Di bawah Trump, tidak ada kesepakatan damai untuk Palestina

Yerusalem, SPNA - Ahmad Tibi, salah seorang anggota parlemen Arab terkemuka, mengatakan bahwa di bawah Presiden Trump, solusi untuk konflik Israel-Palestina tidak mungkin terwujud.

BY adminEdited Wed,10 Jan 2018,11:18 AM

Yerusalem, SPNA - Ahmad Tibi, salah seorang anggota parlemen Arab terkemuka, mengatakan bahwa di bawah Presiden Trump, solusi untuk konflik Israel-Palestina tidak mungkin terwujud.

Berbicara kepada Al Jazeera dari kantornya di Knesset, Tibi mengatakan bahwa tidak ada solusi politis dalam masalah tersebut, terlepas dari AS yang menyatakan sebaliknya.

"Tidak ada masa depan saat Trump berkuasa, dan sekarang ia berkuasa, solusi tersebut  tidak mungkin terwujud," katanya.

Tibi juga menolak apa yang disebut "kesepakatan abad ini", yang menurut laporan media, kesepakatan tersebut menawarkan negara Palestina di Gaza dan sebagian Tepi Barat, namun melepaskan Yerusalem.

Menurut Tibi, Trump dan sekutu-sekutunya telah membuat perubahan radikal dari kebijakan AS sebelumnya, terutama mengenai isu-isu Yerusalem dan permukiman ilegal Israel.

Sebelum pengakuan Trump terhadap Yerusalem sebagai ibu kota Israel, kebijakan AS mempertimbangkan wilayah kota yang diduduki dan menjadi subyek status perundingan terakhir antara kedua belah pihak.

"Tidak diragukan lagi bahwa keputusan Trump adalah adaptasi total dari narasi Israel tentang Yerusalem dan merupakan perubahan total dari kebijakan luar negeri AS di Timur Tengah," kata Tibi.

Pada tahun 1947, PBB berencana membagi wilayah Palestina menjadi dua negara bagian yang terpisah, namun akan meninggalkan Yerusalem di bawah pemerintahan internasional.

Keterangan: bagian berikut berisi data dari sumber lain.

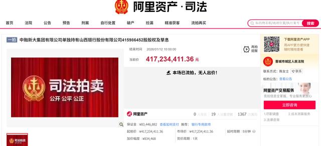 近日,阿里资产网站显示,中融新大持有的山西银行4.16亿股股权在经历24小时拍卖后,因无人出价而流拍。这笔起拍价4.17亿元的股权,是山西银行第四大股东的清仓式退出。
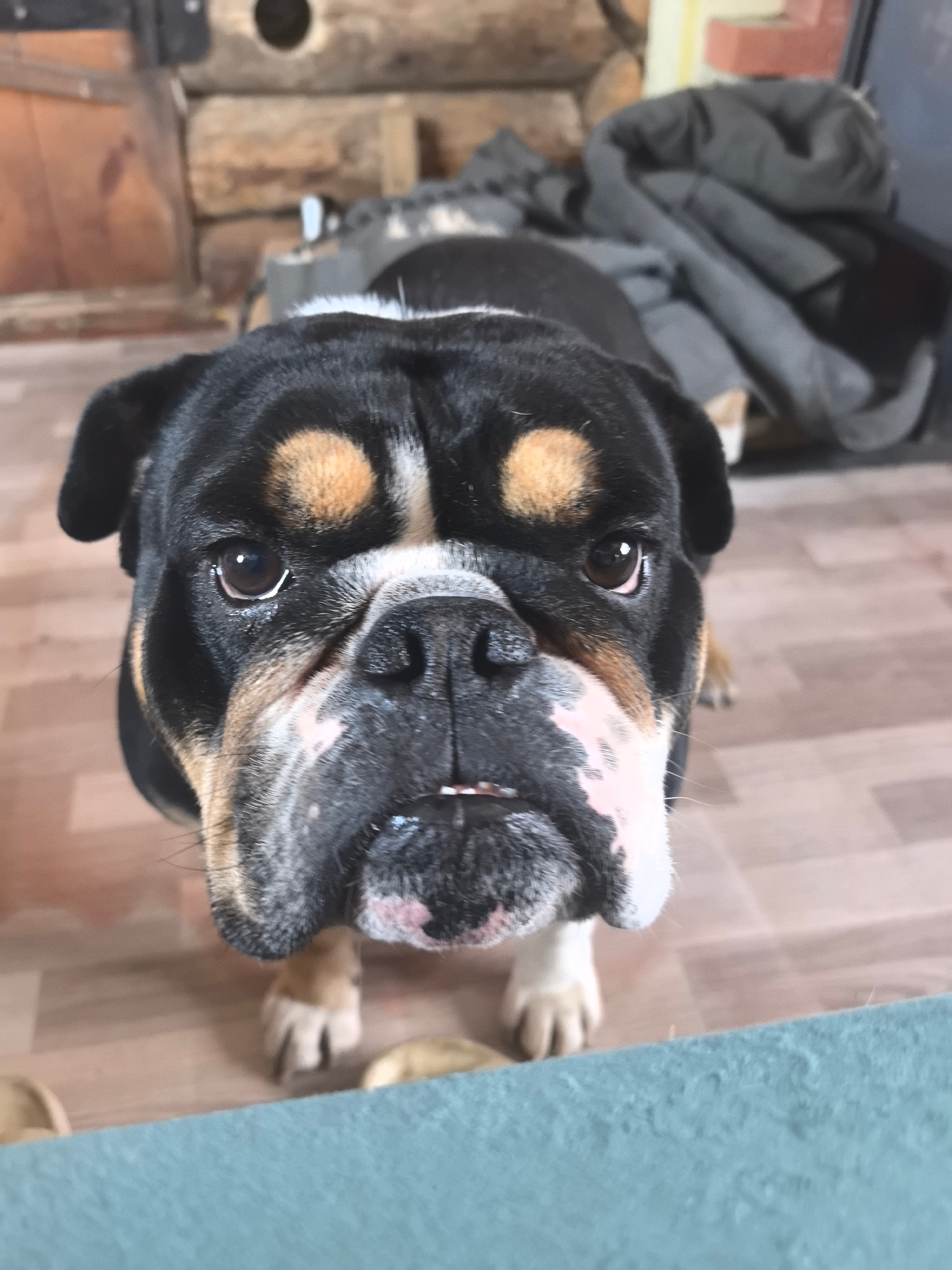 The scene depicts an indoor setting. A brindle, black, and tan bulldog, primarily dark in coloration with distinctive tan patches above its eyes and on its cheeks, and a white muzzle, is positioned in…read more

Namun, Tzachi Hanegbi, menteri regional Israel, mengatakan kepada Al Jazeera bahwa keputusan Trump pada 6 Desember seharusnya tidak menghalangi Palestina untuk mengkliam Yerusalem Timur sebagai ibu kota mereka.

"Kami mengklaim bahwa Yerusalem adalah ibu kota kami dan tidak boleh dibagi, tapi itu hanya klaim, bukan diktat," kata Hanegbi, anggota partai Likud Perdana Menteri Benjamin Netanyahu, kepada Al Jazeera.

"Palestina dapat mengklaim Yerusalem Timur sebagai ibu kota mereka dan kami bisa menegosiasikan sebuah permukiman. Meskipun kami mencaplok Yerusalem Timur, tetap saja wilayah tersebut masuk dalam negosiasi," kata Hanegbi.

Yerusalem tetap menjadi inti konflik Israel-Palestina yang abadi.

Israel menduduki sektor timur kota tersebut pada tahun 1967 dan kemudian mencaploknya meski dianggap melanggar hukum internasional.

Para pemimpin Palestina menginginkan Yerusalem Timur yang diduduki sebagai ibu kota negara negara tersebut di masa depan, sementara Israel menegaskan bahwa kota ini adalah ibu kota yang tak terpisahkan.